Gospel is not a genre of music I listen to on a regular basis, the only time I will is if I go to thrift stores and pick up the odd 45 or two. It came as a surprise when I opened up a package and saw this CD. Was I the right recipient? I wasn't sure to expect so I popped it in.
Songs From Sunday Morning Vol. 1 is the first release from Holy Mountain Music, a group founded by producer Bobby Bush who wanted to create updated versions of gospel standards and classics. The music is jazzy and funky, but not overly so. What you do hear is a groove that is undeniable and one that provides a positive message if it is what you seek. Guitarist Rick Bowlby is a highlight throughout the album, I'm not sure if he does work outside of Christian music but I would not mind hearing a full album of his guitar work.

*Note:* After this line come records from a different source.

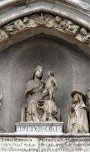 La facciata presenta una struttura a salienti, con tre portali gotici e tre cuspidi, ornate da sculture in marmo, in corrispondenza di ognuna delle tre navate; in quella centrale, entro un rosone cieco, si trova la statua del Cristo Benedicente. Nel progetto di Alvino fu previsto dunque l'inserimento di opere risalenti ai lavori di rifacimento di inizio Quattrocento, infatti il portale centrale, sostenuto da leoni stilofori consumati dal tempo di Tino di Camaino, così come i due portali laterali, in stile gotico internazionale, sono pressoché originali ed eseguiti su committenza del cardinale Enrico Minutolo, appartengono allo scultore Antonio Baboccio da Piperno, che eseguì nella lunetta centrale anche le sculture dei Santi Pietro e Gennaro ed il Cardinale Minutolo adorante, ai lati della Madonna col Bambino ancora del Camaino.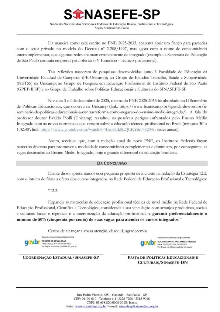 O ofício também foi fundamentado em pesquisas da Unicamp e de grupos do IFSP, que identificam riscos estruturais nas recentes normativas de educação técnico-profissional. Por isso, o Sinasefe-SP defendeu que o PNE estabelecesse, de forma explícita, que pelo menos 50% das vagas da Rede Federal sejam destinadas aos cursos integrados, preservando o principal diferencial pedagógico e social dos Institutos Federais.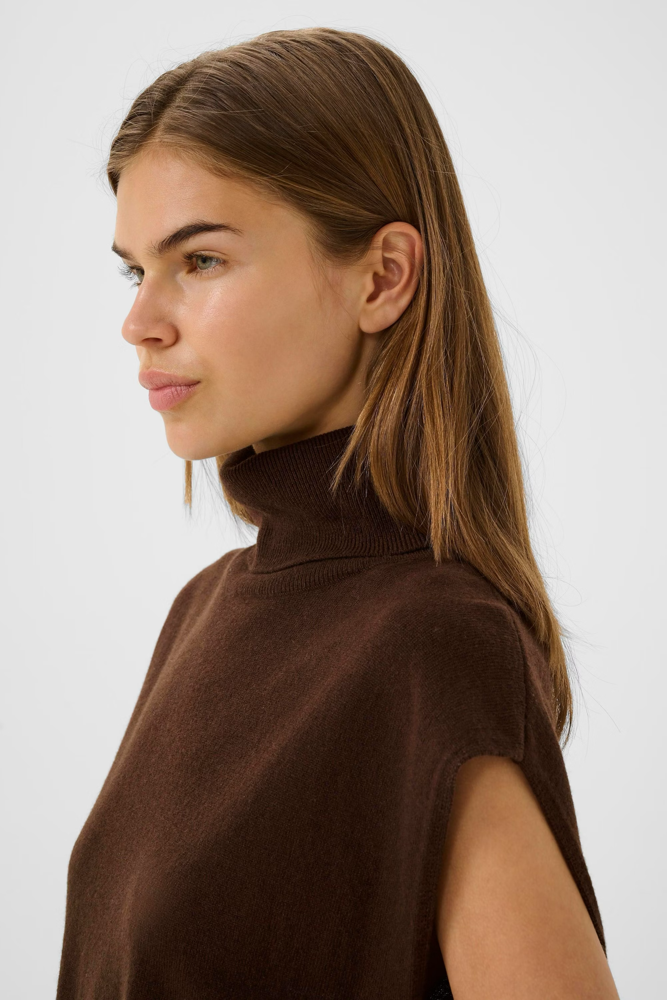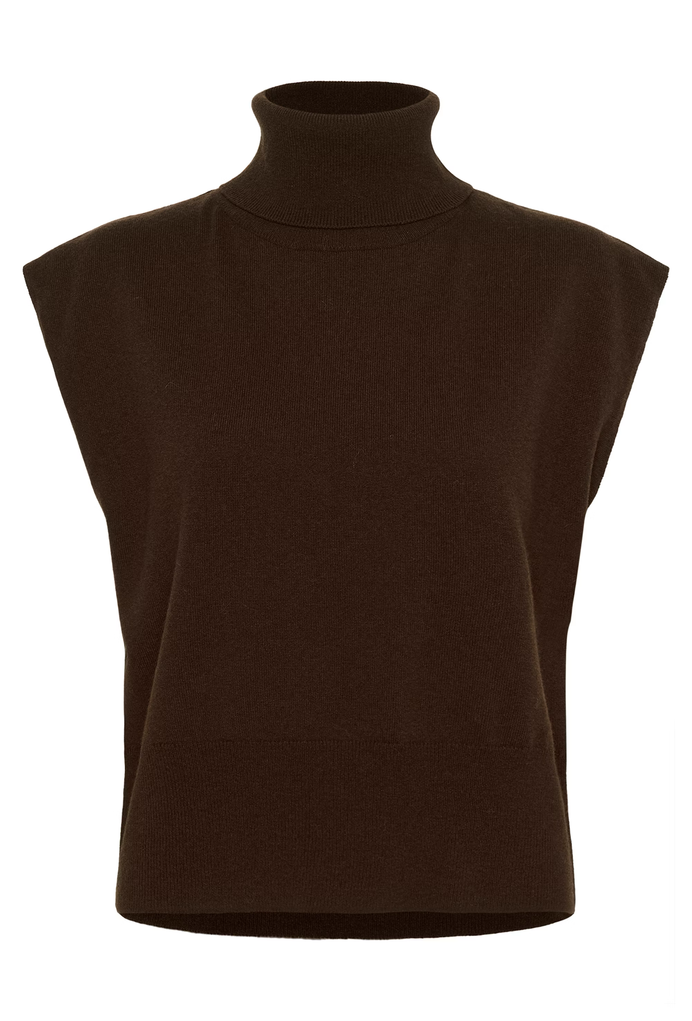 Knitted sleeveless turtleneck vest offering a comfortable relaxed fit. Features a high neckline and a straight-cut silhouette, versatile for layering or standalone wear in any season. The model is 179 cm tall and is wearing size S/36.

As for the material, the titles are familiar but you haven't heard them like this: "Swing Low, Sweet Chariot", "Nothing But The Blood", "What A Friend We Have In Jesus", and "Crown Him With Many Crowns". There is a spoken intro at the beginning of the title track, and immediately you feel like you're entering church awaiting the good word from the pastor. When it becomes, you feel comforted and want to listen to it all. Despite the Christian themes of all of the songs, one does not have to be Christian to enjoy the songs, there is nothing wrong with wanting and seeking good in yourself and life, and the way they perform is definitely uplifting. I know there are issues with people who ask "where are all of the great black musicians?", because some say that you rarely see that in the mainstream. You can look to jazz or go into the church and see real musicians playing the music that satisfies them, but it is interesting when the gospel and jazz worlds collide together. Songs From Sunday Morning Vol. 1 was originally released in 2006 but is getting a re-release next month. If you are a fan of good gospel music, you will find it here.
(Songs From Sunday Morning Vol. 1 will be released on June 24th, and be made available directly from Holy Mountain Music.)
Let's face it, there seems to be an overabundance of Broadway-based anything out on the market these days, to the point where one might be overwhelmed by the amount of people who want to make themselves known. Not everyone will, but one singer that may have a chance is Roberta Duchak, although to say that she has a chance seems to underestimate her talents, as she has been releasing music since 1996.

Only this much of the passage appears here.